Slide 18 - Updates to DwC and moving to the Darwin Core Data Package (DwC-DP)

So while Darwin Core Archives has been our preferred method of publishing since 2012, we are approaching a new model called a Darwin Core Data Package.

The new model is intended to ”broaden the range of scientific questions that GBIF can address.”

It will allow us to expand our data scope, engage with new data communities, and build tools to enable data flows based on the updated standard.

capture standards dwc Slide19

Slide 19 - Recapping the process to date

The community has been developing the work on this model since 2022 and the standards developments for this model has been in development since 2023.

We are finally in the community review and ratification phase for the new terms and the new data package which was released in October of 2025. As you can see from this timeline, it takes a long time implement change to an established standard and it takes a dedicated community to see it through.

capture standards dwc Slide20

Slide 20 - Changes proposed in Darwin Core

The changes under public review include:

65 new terms 75 proposed changes to existing terms A documented conceptual model for DwC Guidelines for using the Frictionless Data Format

capture standards dwc Slide21

Slide 21 - A DwC-A short story OR a DwC-DP epic novel?

The Darwin Core Data Package completely opens up how much data can be shared taking a Darwin Core Archive short story to a Darwin Core Data Package Epic Novel.

For comparison Stories can be told with either DwC-A or DwC-DP, but it should be evident that the range of scientific endeavor that can be faithfully captured by DwC-DP is much more vast.

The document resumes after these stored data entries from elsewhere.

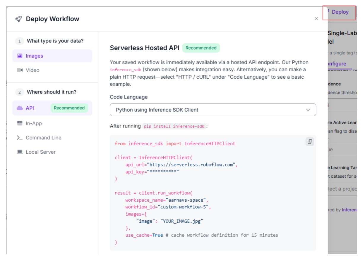 Finally, the workflow is accessible via API, enabling seamless integration with the Python application: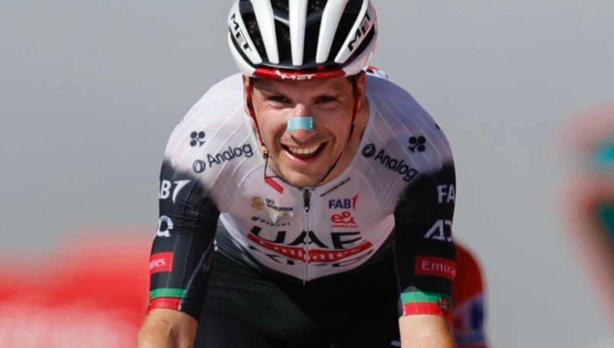 Joao almeida, al entrar en meta@uae_team_emirates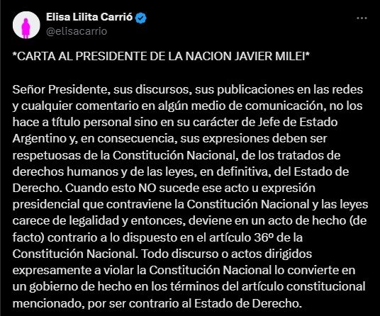Por su parte, Lilita Carrió, también este jueves, publicó una carta dirigida al “Señor Presidente”. Allí, la dirigente le recordó a Milei que, sus discursos, sus publicaciones en las redes y cualquier comentario en algún medio de comunicación, “no los hace a título personal sino en su carácter de Jefe de Estado Argentino y, en consecuencia, sus expresiones deben ser respetuosas de la Constitución Nacional, de los tratados de derechos humanos y de las leyes, en definitiva, del Estado de Derecho”.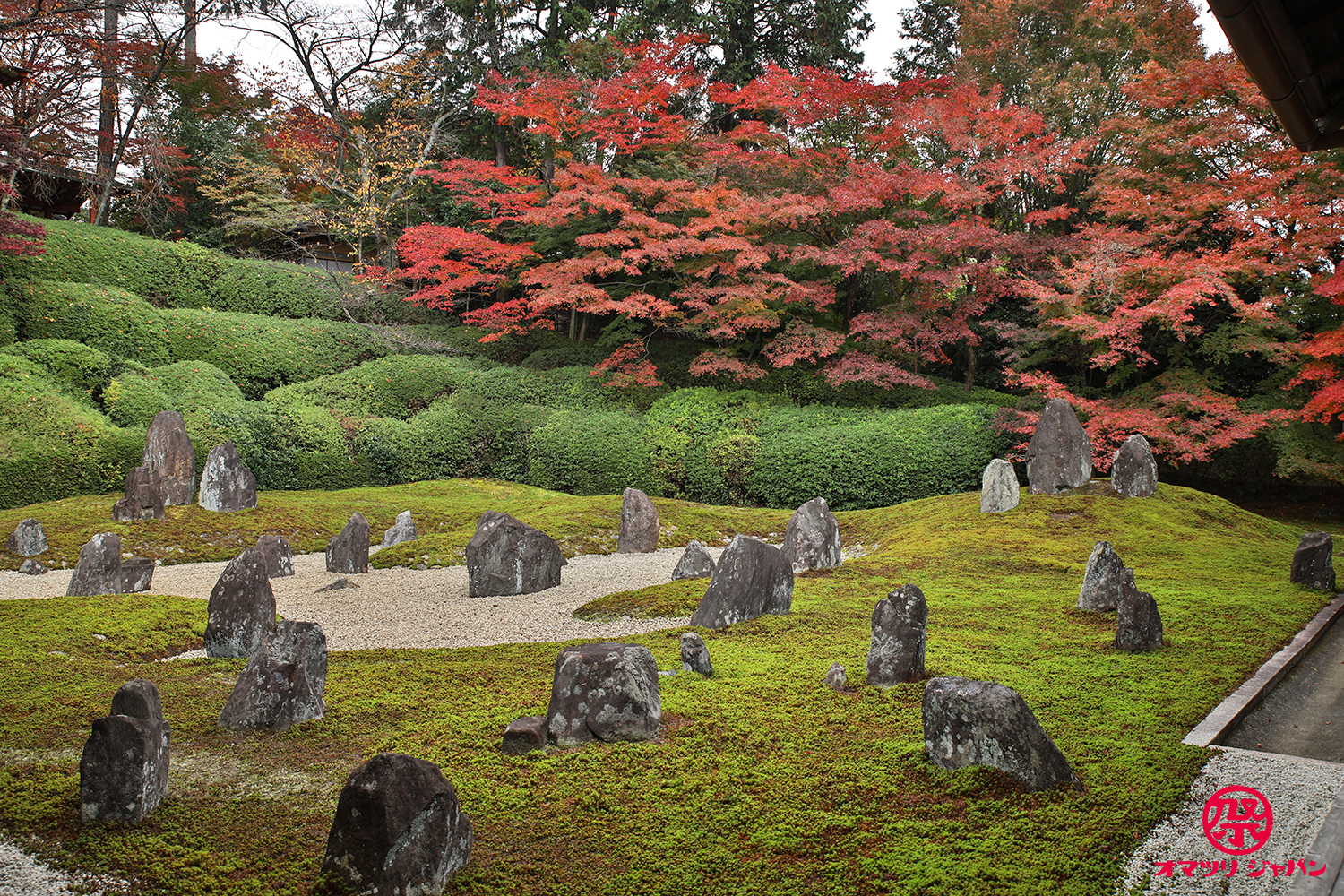 作庭家・重森三玲の枯山水庭園「波心庭」がみどころ。桜と紅葉の時期は特に美しくオススメ。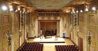 Die Wände und Decke des Grünewaldsalen zeigen dekorative Gemälde mit Figuren aus der Musikgeschichte und griechischen Mythologie, einschließlich des Gottes Apollo.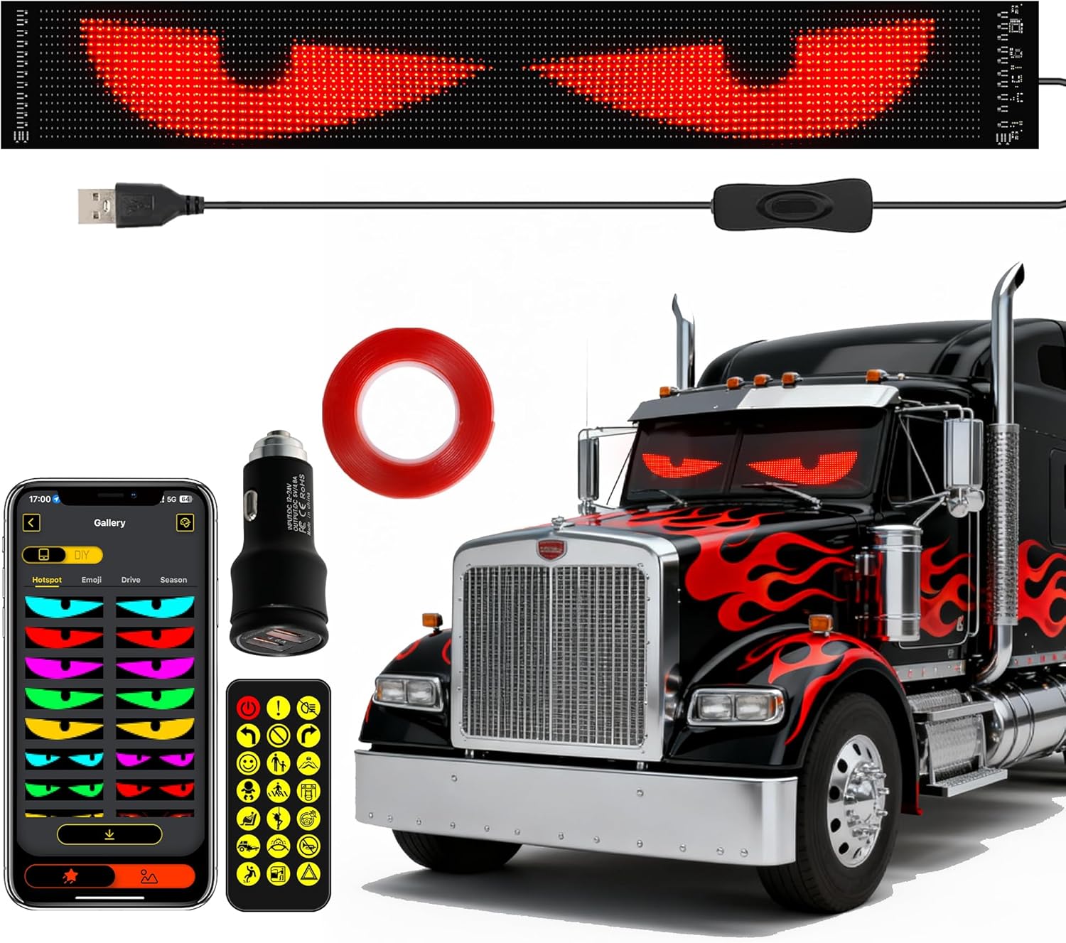 Truck Windshield LED Eyes | 69.4"*7.56"Programmable Devil Eyes Light Bar with APP & Remote for Semi-Trucks

Bee, flower: Park Jisun DNA: Luvdat Book: zero_wing Net: shin_icons Person: Maxim Basinski Premium Test tube: Freepik Ruler: Freepik Camera: Freepik Identification: Freepik

capture standards dwc Slide22

Slide 22 - Do I have to do all that?

All of this might be overwhelming, when you are just learning about data mobilization, but we want you to know that changes are coming which depending on your data might be very exciting for you.

We also recognize that not everyone needs to do all of that, especially all within one dataset and publishers will be able to use only what they need.

For the time being with regards to this course we are focusing on training using the event core which you will learn more about in the coming sessions.

When the ratification process has completed and we are ready for publishers to begin using the Darwin Core Data Package, we will organize virtual community events to supplement training.

capture standards dwc Slide23

Slide 23 - Why use Darwin Core?

So as we conclude, we’ve covered What Darwin Core Is and hopefully you’ve started to develop a sense of why you should use it.

It is a standard and standards are good! Standards provide us with the rules and protocols we need to share our data with others.

Darwin Core also provides us with a common language. As we saw in the Foundations – Documentation presentation, source data can be tricky when trying to compare datasets. The fields in your source data might be different than the fields in another institutions data source. When we all use Darwin Core to share our data, we understand that data has been shared with a common language.

capture standards dwc Slide24

Slide 24 - Why use Darwin Core?

And it’s not only the data holders that understand this common language, the data users do as well. And after all, what could be better than a user finding a data set that is fit for their use, shared in a common language, that allows them to do better science.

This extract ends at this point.